Maximal Blurred Segment. The notion of blurred segment is introduced in [3] as an extension of arithmetical discrete line [18] with a width parameter \(\nu \) for noisy or disconnected digital contours. This notion is defined as follows.

Definition 1

A sequence of points \(S_f\) is a blurred segment of width \(\nu \) iff

  • \(\forall (x,y) \in S_f\), \(\mu \le ax -by < \mu +\omega \) where \(a,b,\mu ,\omega \in \mathbb {Z}\) and \(gcd(a,b)=1\), and

  • the vertical (or horizontal) distance \(d=\frac{\omega -1}{\max {(\mid a \mid , \mid b\mid )}}\) equals to the vertical (or horizontal) thickness of the convex hull of \(S_f\), and

  • \(d \le \nu \).

Given a discrete curve C, let \(C_{i,j}\) be the sequence of points indexed from i to j in C. We denote the predicate “\(C_{i,j}\) is a blurred segment of width \(\nu \)” as \(BS(i,j,\nu )\). Then, \(C_{ij}\) is said to be maximal if it can not be extended (i.e. no point added) on the left nor on the right, and noted by \(MBS(i,j,\nu )\). Illustration of blurred segment and maximal blurred segment are given in Fig. 1.

Fig. 1.
figure 1

Example of (left) blurred segment (greys points) and (right) maximal blurred segment (green points). (Color figure online)

Fig. 2.
figure 2

Examples of (left) width \(\nu \) tangential cover with \(\nu =2\) and (right) adaptive tangential cover (ATC) with different widths transmitted from meaningful thickness detection.

Fig. 3.
figure 3

Example of adaptive tangential cover (ATC) with three width values \(\nu =1,1.4\) and 2.5 (in blue, green and red respectively). Considering the last three MBS of the ATC, in yellow are points in the common zone, and in orange are its two endpoints. (Color figure online)
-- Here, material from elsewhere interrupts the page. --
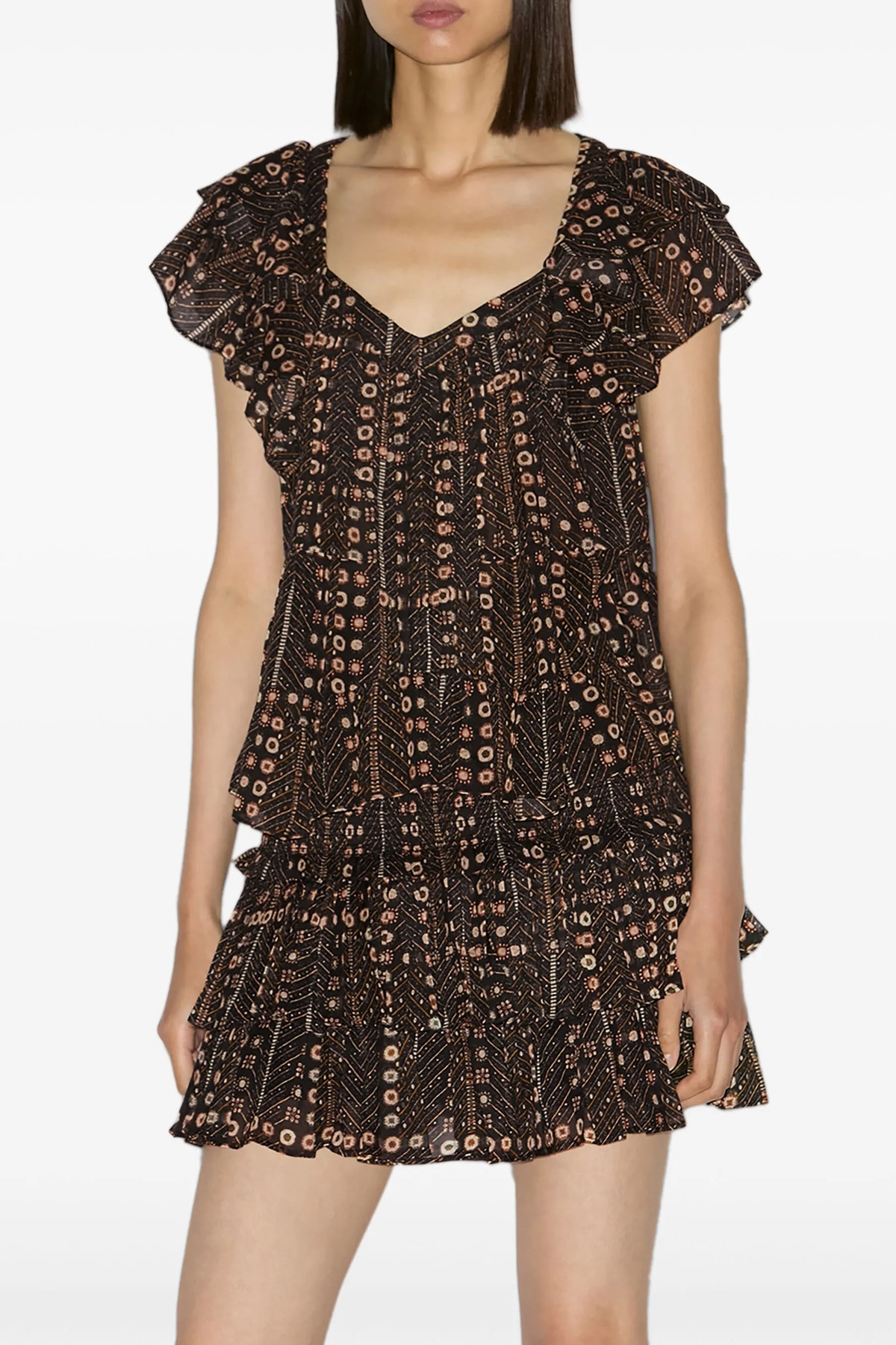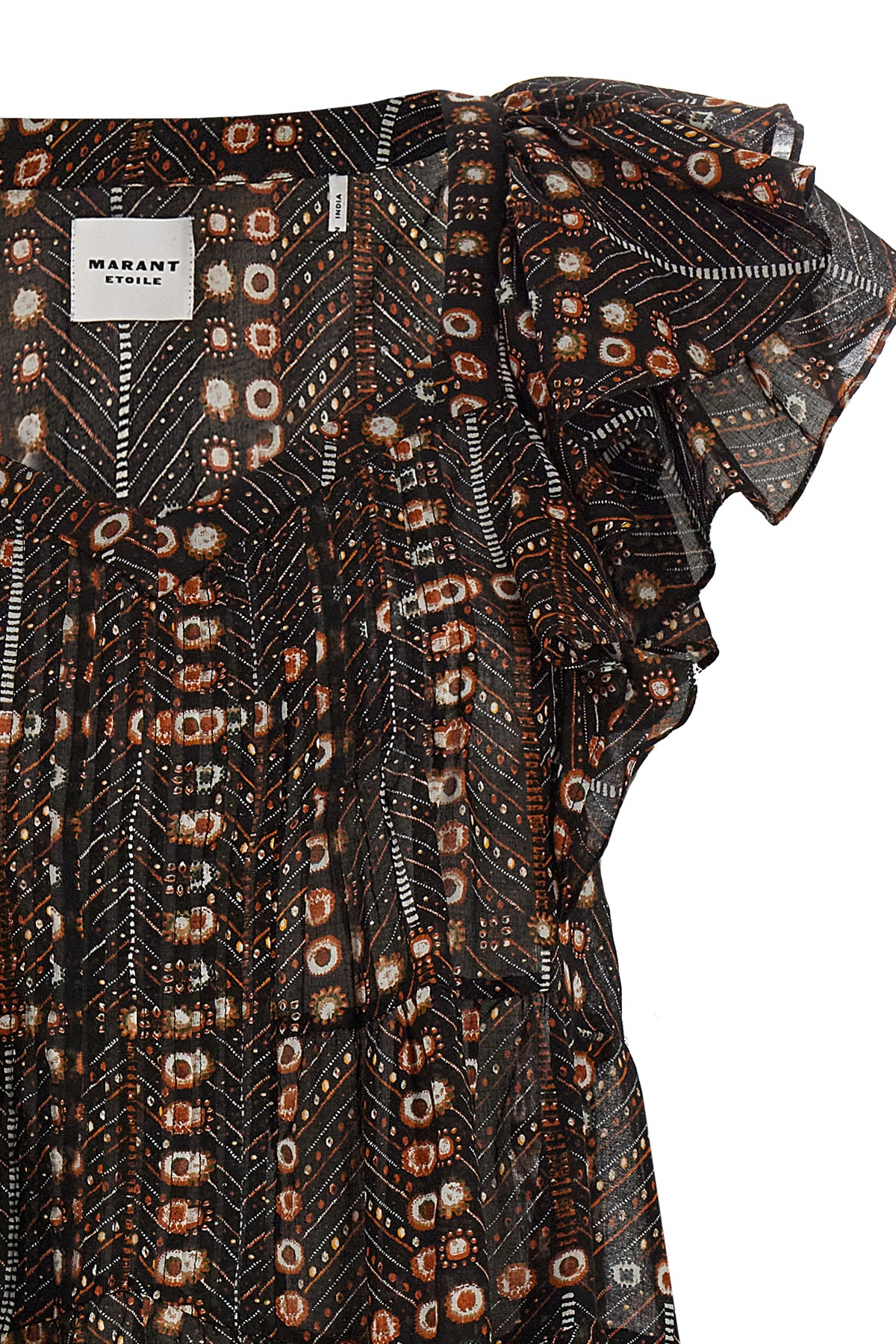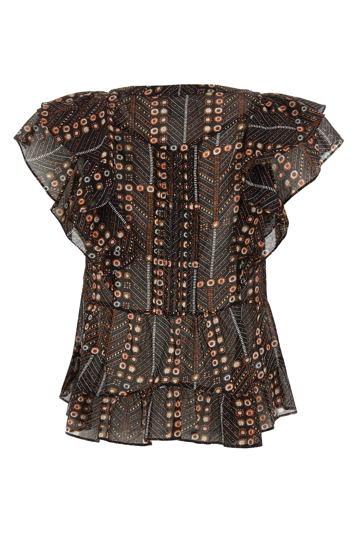 'Madrana' printed cotton voile top with pleated and ruffle details, V-neck, double short sleeves with ruffles.

The sequence of the maximal blurred segments of width \(\nu \) along a curve is called width \(\nu \) tangential cover (see Fig. 2(a)). This structure is used in numerous discrete geometric estimators such as length, tangent, curvature estimators ...(see [10] for a state of the art). In [14], an extension of width \(\nu \) tangential cover, namely adaptive tangential cover (ATC), is proposed to handle with noisy curves. In particular, ATC is composed of MSB of different width values deduced from the noise estimation of meaningful thickness [9] in which two parameters are set: (1) sampling step size –namely, samplingStep– and (2) maximal thickness –namely, maxScale– for which the shape is analysed for the meaningful thickness (see [9] for more details). Examples of ATC are given in Figs. 2(b) and 3. Still in [14], an algorithm is proposed to compute the ATC of discrete noisy curves.
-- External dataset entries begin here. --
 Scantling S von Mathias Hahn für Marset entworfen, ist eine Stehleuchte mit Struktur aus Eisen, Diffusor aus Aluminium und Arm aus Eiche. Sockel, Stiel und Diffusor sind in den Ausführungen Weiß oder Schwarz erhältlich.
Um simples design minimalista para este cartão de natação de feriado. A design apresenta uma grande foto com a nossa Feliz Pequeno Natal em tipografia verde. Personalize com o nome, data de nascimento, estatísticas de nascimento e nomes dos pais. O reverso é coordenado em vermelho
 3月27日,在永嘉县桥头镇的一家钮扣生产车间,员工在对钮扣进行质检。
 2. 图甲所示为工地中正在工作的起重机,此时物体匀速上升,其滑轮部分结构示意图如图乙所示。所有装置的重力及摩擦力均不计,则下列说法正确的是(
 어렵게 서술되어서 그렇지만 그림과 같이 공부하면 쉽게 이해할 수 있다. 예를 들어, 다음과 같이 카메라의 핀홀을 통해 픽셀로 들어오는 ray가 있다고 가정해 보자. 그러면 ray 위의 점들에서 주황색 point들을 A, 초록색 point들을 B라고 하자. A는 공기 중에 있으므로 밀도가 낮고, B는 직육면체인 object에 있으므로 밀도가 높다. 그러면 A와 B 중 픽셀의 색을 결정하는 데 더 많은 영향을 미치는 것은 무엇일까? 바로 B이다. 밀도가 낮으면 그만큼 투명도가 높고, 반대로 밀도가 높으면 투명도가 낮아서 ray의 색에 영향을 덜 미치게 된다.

Tangent Space Representation. This notion is presented in [1, 11] as a tool for shape characterization and comparing polygonal shapes.

Definition 2

Let \(P=\{P_i\}_{i=0}^{m}\) be a polygon, \({l_i}\) length of segment \(P_iP_{i+1}\) and \(\alpha _i =\angle (\overrightarrow{\mathrm {P_{i-1}P_i}},\overrightarrow{\mathrm {P_iP_{i+1}}})\) such that \(\alpha _i > 0\) if \(P_{i+1}\) is on the right side of \(\overrightarrow{\mathrm {P_{i-1}P_i}}\) and \(\alpha _i < 0\) otherwise. A tangent space representation T(P) of P is a step function which is constituted of segments \(T_{i2}T_{(i+1)1}\) and \(T_{(i+1)1}T_{(i+1)2}\) for \(0 \le i < m\) with

  • \(T_{02}=(0,0)\),

  • \(T_{i1}=(T_{(i-1)2}.x + l_{i-1}, T_{(i-1)2}.y)\) for \(1 \le i \le m\),

  • \(T_{i2}=(T_{i1}.x, T_{i1}.y+\alpha _i)\), \(1 \le i \le (m-1)\).

Roughly speaking, the tangent space of a polygon is the representation of exterior angles versus segment lengths of the polygon as illustrated in Fig. 4.

Fig. 4.
figure 4

Tangent space representation of a polygon.

2.2 Decomposing Algorithm Using Tangent Space Representation

The proposed algorithm for decomposing digital curves into arcs and segments is composed of three steps. Firstly, the curve is simplified and represented by a polygon. Secondly, the polygon is transformed into the tangent space in which the analysis is performed to determined which parts of the polygon belong to arcs and which ones are segments. Finally, the fitting step is performed on arc parts to calculate the best fitting arcs that are approximated the input curve. These steps are detailed in the following.

Polygonal Simplification. This step consists in finding the characteristic points, namely dominant points, to form a polygon approximating/representing the given discrete curve. This step, called polygonal simplification, allows to use only the characteristic points, instead of all points of the curve, for the decomposition into arcs and segments using the tangent space.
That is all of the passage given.